Let's change that one woman at a time. Our bodies aren't depleted of anti depression hormones rather they are depleted of the sex hormones once we are in menopause.

The sex hormones effects every part of our bodies. We have hormone receptor cells everywhere including the brain.

Progesterone for example has been shown to be neuroprotective.

Massive benefits of estradiol, progesterone and testosterone and not just for our reproductive organs but for our entire body
 
I hear all of this, but on the other side of the coin there are people for whom it just simply isn’t suitable. We are all different.

I started BHRT in May 2023 as you know & it was amazing. However after I started with some random bleeding last Aug (17 months in), I was sent for an ultrasound & internal scan. It was found that I had developed severe oestrogen dominance as a direct result of the HRT & I was told to immediately cease all treatment, cold turkey. My uterine lining was thickened to between 9 - 11mm in parts, I had endometrial polyps & a mammogram showed an increase of breast density, but thankfully despite a scare & a recall to the breast cancer clinic, I was given the all clear. I had a hysteroscopy & biopsies, which were thankfully benign.
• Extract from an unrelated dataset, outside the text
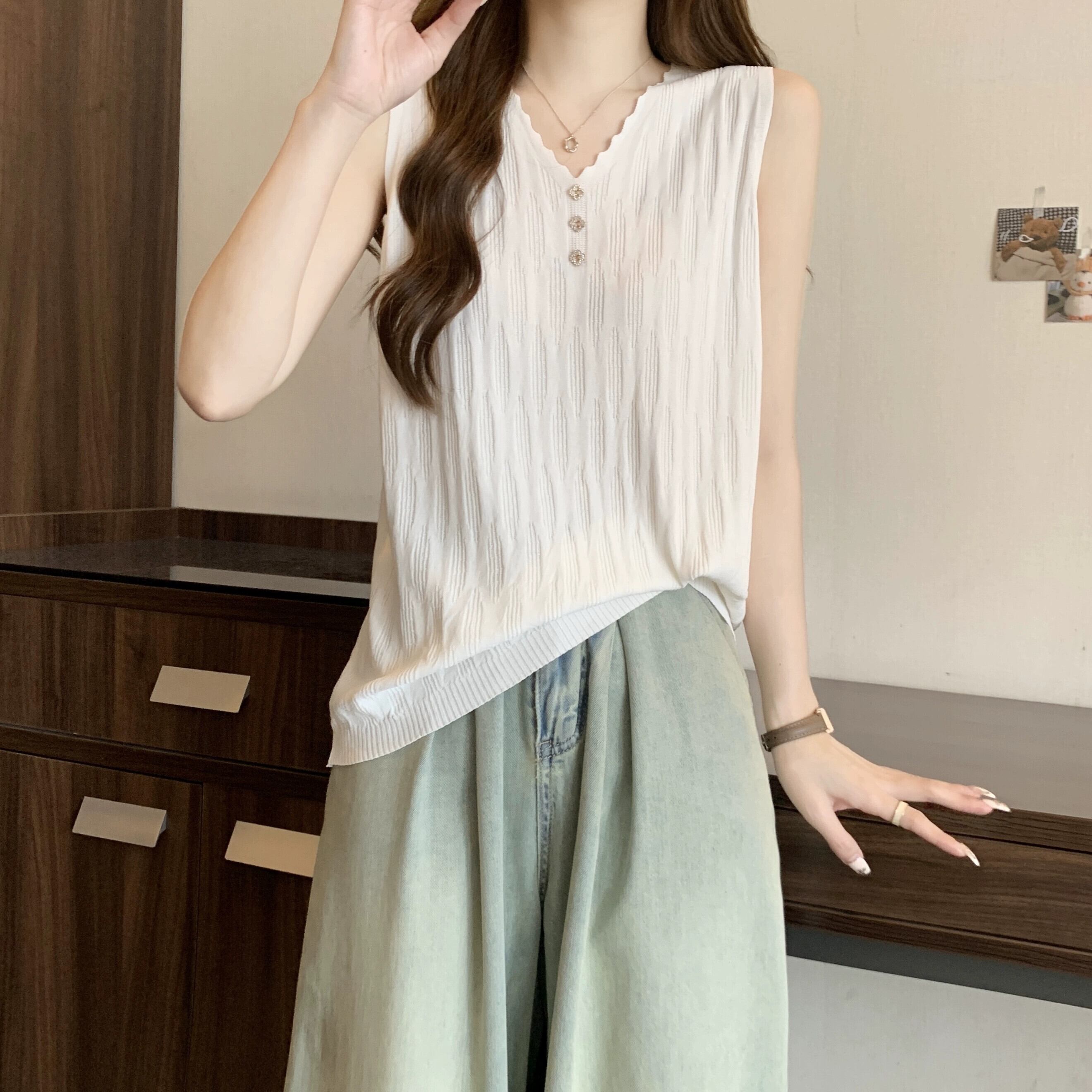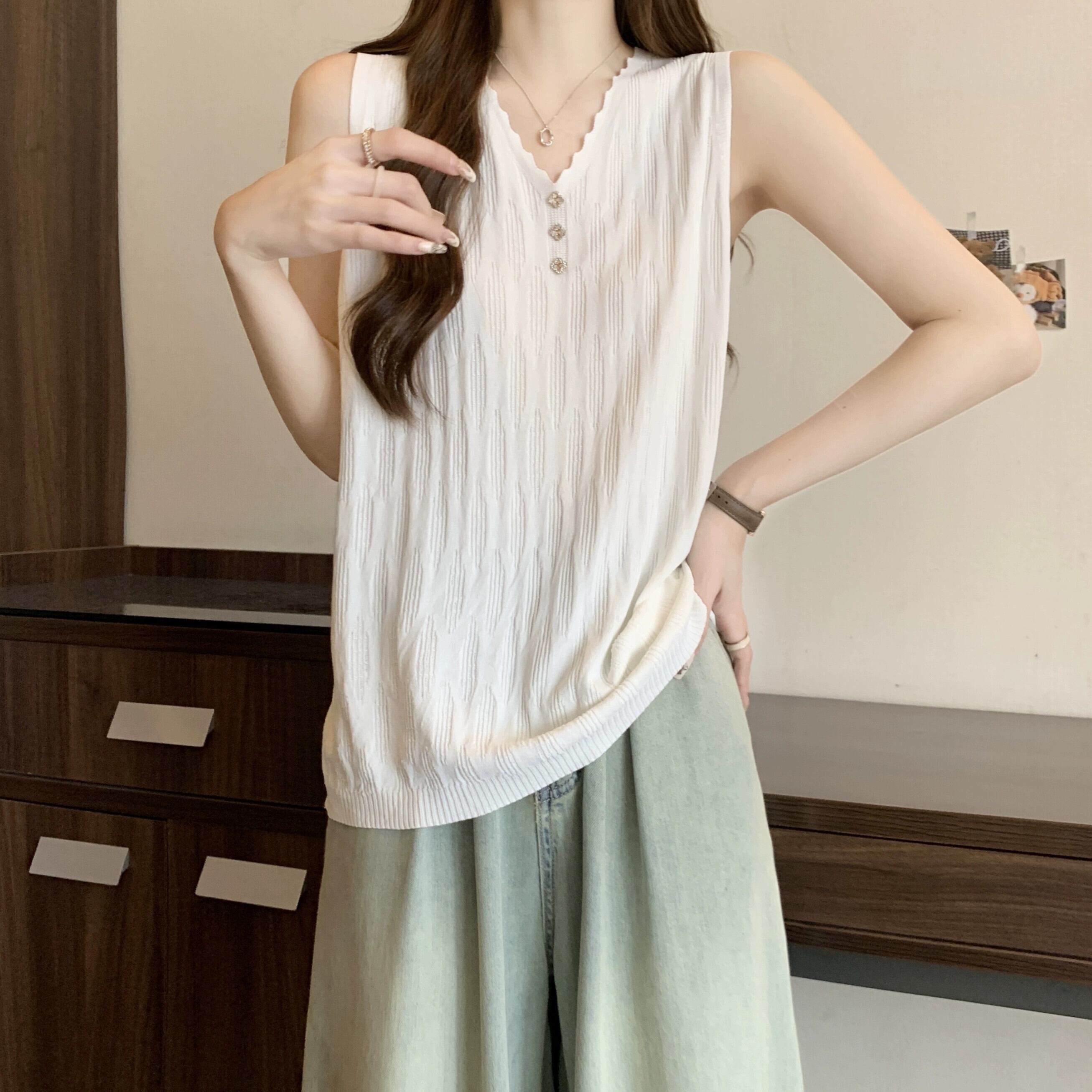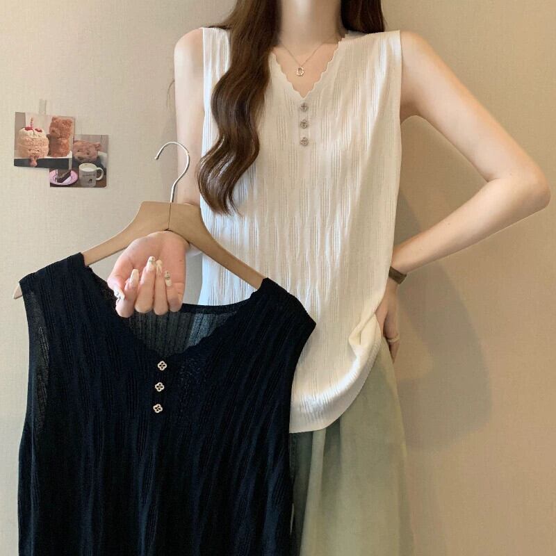 プラスサイズの婦人服ファット mm 春の新しいスタイル 2024 シンプルな通勤多用途ニットベストサスペンダーとファッショナブルなトップ 大きめサイズ スプリング 春物 8884150112245595

I was prescribed a huge dose of progesterone to induce massive bleeding, which thankfully cleared out my uterus lining fully. I was in hospital for polyp removal on January 5th. My breast tissue should resolve itself now that my bloods are showing a more regular level of oestrogen (I am peri & not Meno yet, at age 50) & all in all, it was pretty stressful & I felt poked & prodded & violated to within an inch of my life.

My Gynae has said that if in the future I want to try again, we can look at it VERY carefully, but for now I am doing ok. We had a long chat about how my body processes hormones (I have always been hormonally sensitive & knew within 2 days of being pregnant both times that I was pregnant, despite tests not picking up until many days later) & what I can do to help myself.
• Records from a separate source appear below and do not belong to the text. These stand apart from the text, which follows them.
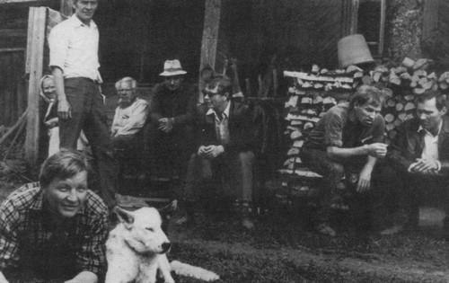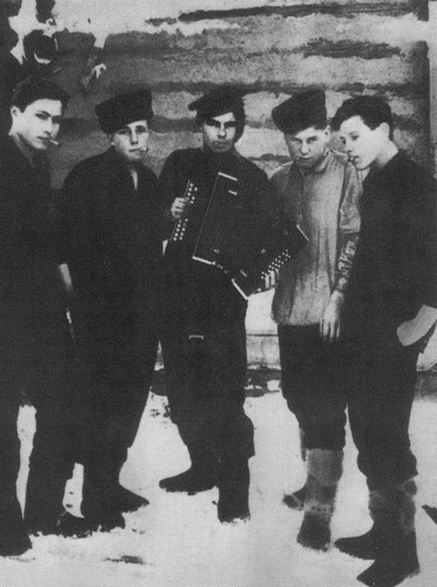 Шукшин (крайний слева) со сверстниками в Сростках. «Когда его исключили, жил дома. Какие-то месяцы мы провели с ним вместе. И вдруг он — для нас, всех ребят, это было совершенно неожиданно — уехал из дома»
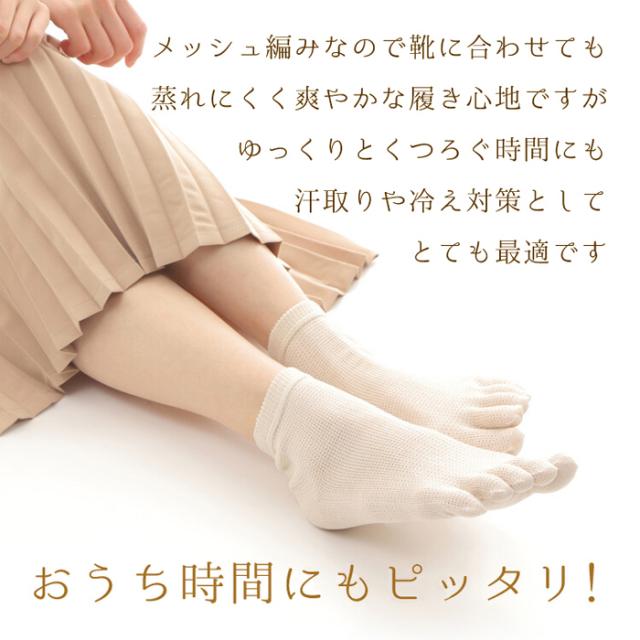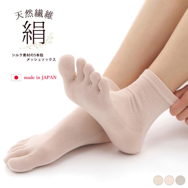 シルク 日本製 5本指 メッシュソックス 靴下 絹 5本指 ソックス (mm-4546)メール便【送料200】 天然繊維 保湿 吸湿 通気性 冷暖房対策 冷え対策 美肌 踵 足先 気になるガサガサ オールシーズン 薄手タイプ 夏は涼しく冬は暖か 天然繊維の快適さ agesugi_sfa
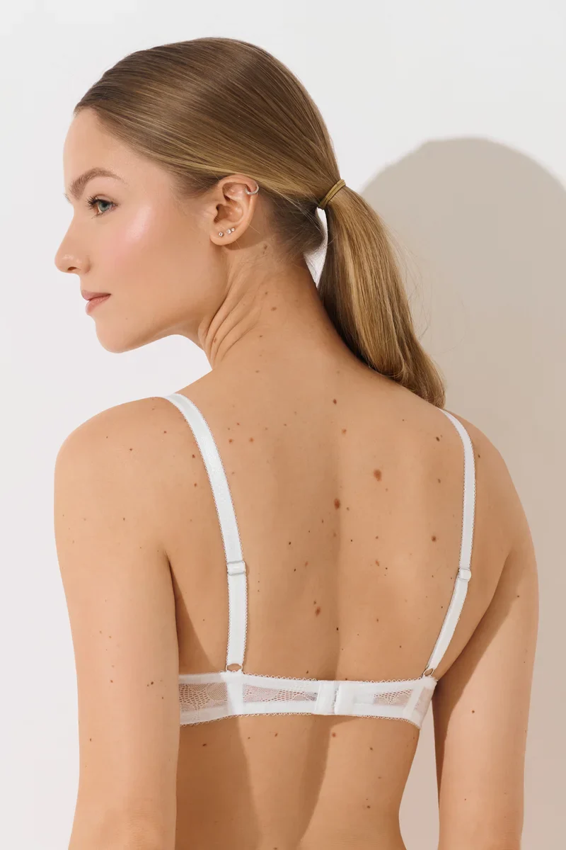 Un soutien-gorge push-up blanc raffiné avec des accents de dentelle pour un maintien subtil et élégant.

The biggest takeaway from the Dr was to eat as well as you can afford, in particular animal produce. I immediately came home & cleared the kitchen of everything (passed what I could to a food bank & the rest to family or friends) & i replaced the lot with organic only, from the tea bags to the stock cubes to the olive oil & mayo. I think 95% of what goes into my mouth is organic & whilst I rarely ate UPF’s, I now eat zero. She also advised to stop eating seed oils (they’re inflammatory), regular bread was swapped for fresh sourdough & alcohol is out due to capillary dilation & exasperating hot flushes & sweats ( I did have some organic Prosecco in Oct & over Christmas, plus non organic Champagne on Valentines.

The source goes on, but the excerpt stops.